Get a new drive and then get as much data off the drive as you can before
it dies.
Looks like you have a couple of hard drives. You did not say which drive holds which Linux OS. But it still feels like a hardware problem to me. I use a commercial program called Spinrite to do low level scans on drives, but you should be able to get a free one from the drive manufacturer’s site.
I use the manufacturer’s program for low level scans. That’s the first thing I do. openSUSE is on the second drive, but also mounts /home from the first drive. Ubuntu and Mandriva are on the first drive but also use /tmp and /srv from the second drive. All systems swap on both drives.
I didn’t have problems whith 11.1 on that harddrive. I know, they are also (at least) two problems, unrelated and occuring at the same time, like an harware failure during a system update.
BTW SysReq reboot is ok after changing the default value (176) to 1.
i) Make a backup
ii) Make a second backup, just in case
When you are having the problem, is the output of ‘mount’ different from the normal state?
From what I can tell/guess, it seems possible that your partition table doesn’t quite correspond with the physical layout of the drives (well, the numbers on SDB7/SDB9 look way out).
Check that the BIOS isn’t getting reset because the battery is dying…that could explain a lot if sometimes you were booting with the disk adressing mode set up incorrectly.
I don’t worry about that. Important stuff if any is on a Raid fileserver (running openSUSE 11.1).
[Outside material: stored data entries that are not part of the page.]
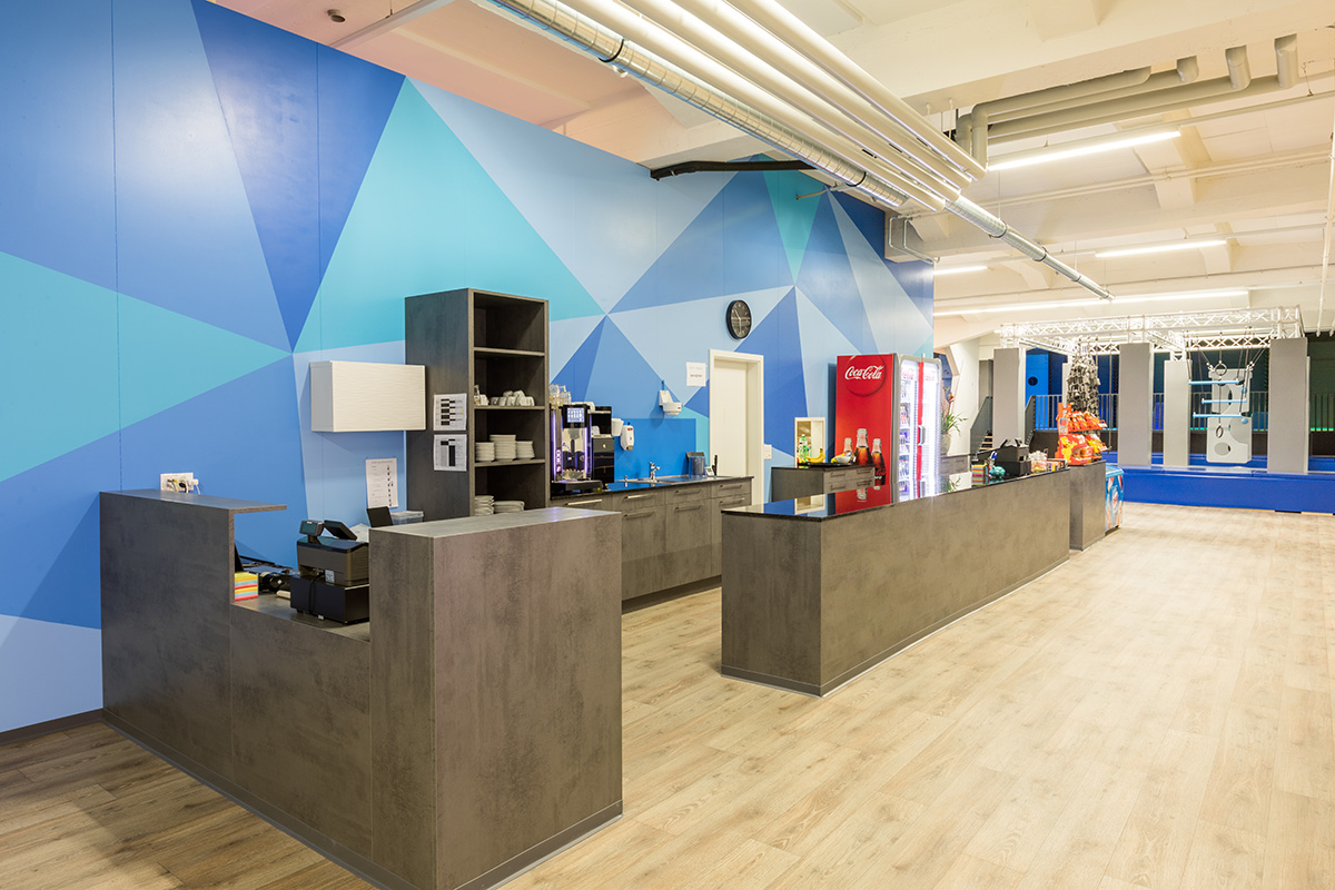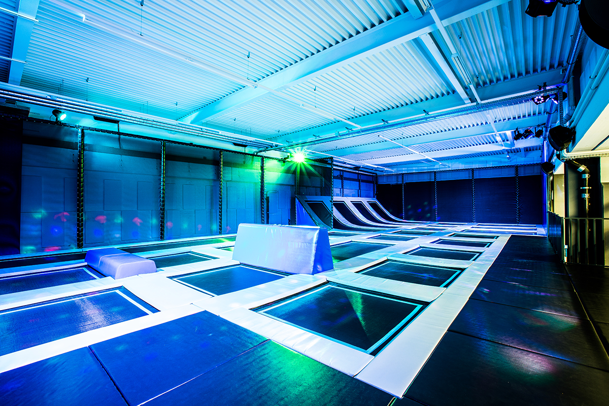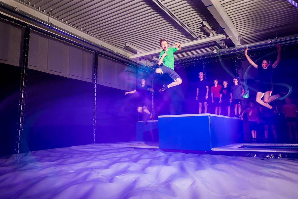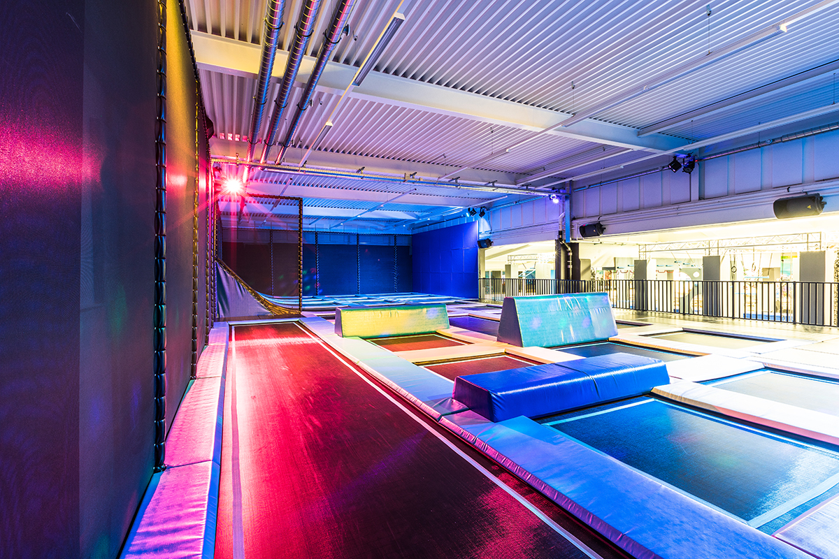 350m² Trampolinfelder mit Jump-Bag, 23 Einzelfeldern, Schräg-Trampoline und Tumbling-Lane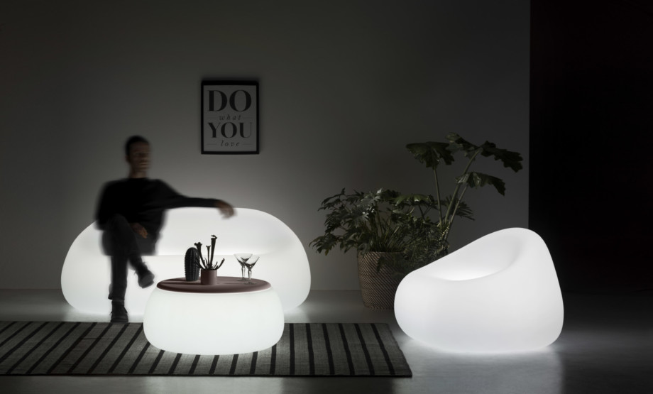 Armchair with an ergonomic and enveloping shape, particularly suitable for recreational contexts, it is also available in a luminous version._x000D_
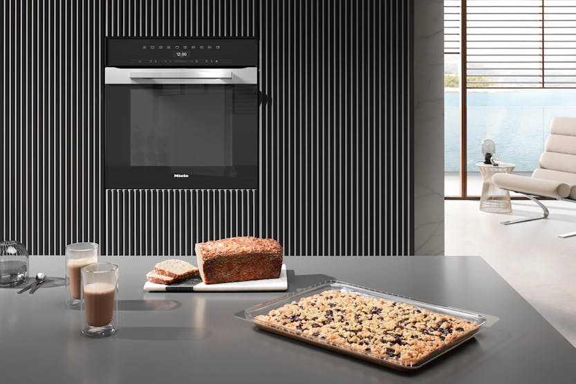 Description Energy Efficiency: Exceptional Energy Efficiency Exceptionally low energy consumption: almost all of our ovens correspond to energy efficiency class A+. This saves you lots of energy – which is good for the environment and your wallet. Airclean catalyser: Fewer Odours Protect your walls, furniture and curtains: the AirClean catalyser significantly reduces grease and unpleasant odours during pyrolytic cleaning – for a pleasant atmosphere in your home. Pyrolytic Cleaning and Pyrofit Accessories: Effortless Cleaning Making life easier: the pyrolytic cleaning process turns all food residue to ash which can be easily removed from the oven surfaces without a trace – minimising the amount of cleaning you have to do. This means there is no need to spend hours scrubbing the oven with aggressive cleaning agents. Depending on the model, some accessory parts can stay in the oven during cleaning for even more convenience. Touch-Cool Front: The Only Thing that Gets Hot is the Food Miele ovens are cooled on all sides. This ensures that controls, handles and adjacent cabinets stay relatively cool to the touch. The multi-layer panels insulate the oven door effectively and ensure a low temperature on the outside of the door, providing safety and protection against burns. Safety Functions: Maximum Safety in any Situation An added level of safety: you can lock the appliance and prevent unintentional operation, e.g. by children. In an emergency, the safety switch-off is invaluable: the Miele oven will switch off automatically if the maximum operating time is exceeded. This means that safety is guaranteed even if you forget to switch the oven off. Moisture Plus: Optimum Results with Additional Moisture The effortless way to perfect results: adding moisture leaves meat tender and juicy on the inside and crisp on the outside; and when baking bread it helps achieve the fluffiness and browning that everyone loves. For extra convenience, you can programme times for the bursts of steam. Moisture plus is also used in various automatic programmes. Automatic Programmes: Stress-Free Cooking with Success Guaranteed Successful cooking, every time: with the electronically controlled programmes, you can cook a multitude of different dishes automatically. Whether you are baking a cake or cooking poultry – there is no need to select the operating mode or the temperature or duration. The degree of cooking – for meat, for example – can be set individually. Tastecontrol: Carry On Cooking? Only If You Want It To Stops the cooking process for perfect results: the oven compartment can be cooled down completely after the cooking process so dishes don't carry on cooking in the oven. Or the oven can keep the food at serving temperature by opening and closing the motorised door. This ensures that your dishes are cooked to the perfect degree and no further – even if you aren't there to take them out of the oven straight away. Crisp Function: Makes Food Crispy Certain foods need a beautifully crisp exterior for that perfect finishing touch: chips and potato croquettes, for example, are best cooked in a dry oven compartment climate. This is achieved through controlled reduction of the moisture in the oven. You can select the Crisp function individually. Domestic Appliance Networking with Miele@Home1: More Freedom, Safety and Convenience With our innovative Miele@home system, you can exploit the full potential of your Miele appliances and make your everyday life even smarter. All intelligent Miele domestic appliances can be networked conveniently and securely. Operation is simple – whether you use the Miele app, voice control or integration into existing Smart Home solutions. The appliances are networked via a home WiFi router and the Miele Cloud. Flexiclip Runners: Optimised Access to your Food Baste or turn food over conveniently and at a safe distance from the hot oven compartment: with the FlexiClip runners, you can easily pull baking trays or wire racks out of the oven without the risk of burning yourself. Our patented system allows you to arrange the fully telescopic runners on different levels to suit your needs. Timer Functions: Leave Time Management to your Oven Simply set the start time, end time or duration of the cooking process and everything will be ready when you want it. The cooking process ends automatically when the programmed cooking duration comes to an end. The integrated minute minder is also a convenient option for many situations. Furthermore, in the event of a power cut, the set time is saved for up to 150 hours. Multilingua: Easy to Understand Guaranteed user convenience: numerous languages are available to choose from for the display text, so users can operate the appliance in a language they understand. MultiLingua is available for all appliance controls as of DirectSensor S. Softopen and Softclose: Gentle Door Movement A real eye-catcher: the door features a sophisticated cushioning mechanism for elegant opening and closing. It opens to 90° – for convenient, unobstructed access to the food in the oven compartment. Convenience Features: Tastecontrol Rapid heat-up Pre-Heating Food probe: With cable Keeping warm Crisp function Operating Modes: Defrosting Automatic programmes Country-specific automatic programmes Auto roast Grill operating modes Grill Fan plus Intensive bake Moisture plus Moisture plus with Fan plus Moisture plus with Conventional heat Moisture plus with Intensive Bake Moisture plus with Auto Roast Conventional heat Bottom heat User Convenience: Networking with Miele@home SoftClose MultiLingua Programmable timed steam injection Timer functions Time synchronisation Date display Minute minder Programmable start of cooking duration Programmable end of cooking duration Programmable cooking duration Actual temperature display Target temperature display Audible signal when target temperature is reached Recommended temperature User programmes Individual settings Efficiency

When you are having the problem, is the output of ‘mount’ different from the normal state?
Nope. mount output is the same. However umount is missing, as most commands cannot be found anymore.
From what I can tell/guess, it seems possible that your partition table doesn’t quite correspond with the physical layout of the drives (well, the numbers on SDB7/SDB9 look way out).
I use the same kind of layout or even a more sophisticated one on a dozen machines running Linux and Unix. In an attempt to fix the problem, I recreated all the partitions from sdb7 to the end before installing openSUSE, since I wanted to resize sdb7 becoming to small for /usr with 11.2 . I created the partitions with gparted under Ubuntu. Normally I would use Partition Magic under DOS (for historical reasons!), but my old version can only create but not delete existing ext3 partitions anymore. I guess it cannot read them since the default inode size has changed (I had the same problem with Unix and I had to patch some kernels in order to mount ext3 partitions).
Check that the BIOS isn’t getting reset because the battery is dying…that could explain a lot if sometimes you were booting with the disk adressing mode set up incorrectly.
The BIOS looks OK. This machine must not be that old and seems to use only LBA addressing (doesn’t offer the choice of normal or large mode, as older mainboards did). I replaced the battery about two years ago.
And what about an fsck? When was that last done?
When this problem occures, I first reboot Ubuntu and do a manual fsck. It repares the filesystem when necessary (sometimes it is not).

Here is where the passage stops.